__TASK BRIEF__
In the entries below, which lines run from the one containing "Faptul că într-o" to the one containing "This super handy"? Copy exactly those lines, ends included, and no others.

__RECORDS SUPPLIED__
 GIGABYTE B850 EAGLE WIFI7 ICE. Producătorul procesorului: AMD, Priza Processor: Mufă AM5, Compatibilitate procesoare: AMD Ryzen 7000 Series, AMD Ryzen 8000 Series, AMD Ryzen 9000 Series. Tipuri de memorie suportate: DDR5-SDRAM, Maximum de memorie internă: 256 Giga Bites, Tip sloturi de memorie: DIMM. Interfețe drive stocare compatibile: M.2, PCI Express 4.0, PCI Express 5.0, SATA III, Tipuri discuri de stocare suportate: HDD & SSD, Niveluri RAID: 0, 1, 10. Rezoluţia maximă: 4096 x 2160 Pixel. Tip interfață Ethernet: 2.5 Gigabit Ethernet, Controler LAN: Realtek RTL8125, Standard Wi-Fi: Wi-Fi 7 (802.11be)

---

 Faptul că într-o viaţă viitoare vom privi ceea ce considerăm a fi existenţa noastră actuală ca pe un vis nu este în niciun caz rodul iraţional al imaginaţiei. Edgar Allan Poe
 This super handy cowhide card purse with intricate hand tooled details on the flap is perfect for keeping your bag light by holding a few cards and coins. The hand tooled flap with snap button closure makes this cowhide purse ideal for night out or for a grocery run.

__YOUR RESPONSE__
 Faptul că într-o viaţă viitoare vom privi ceea ce considerăm a fi existenţa noastră actuală ca pe un vis nu este în niciun caz rodul iraţional al imaginaţiei. Edgar Allan Poe
 This super handy cowhide card purse with intricate hand tooled details on the flap is perfect for keeping your bag light by holding a few cards and coins. The hand tooled flap with snap button closure makes this cowhide purse ideal for night out or for a grocery run.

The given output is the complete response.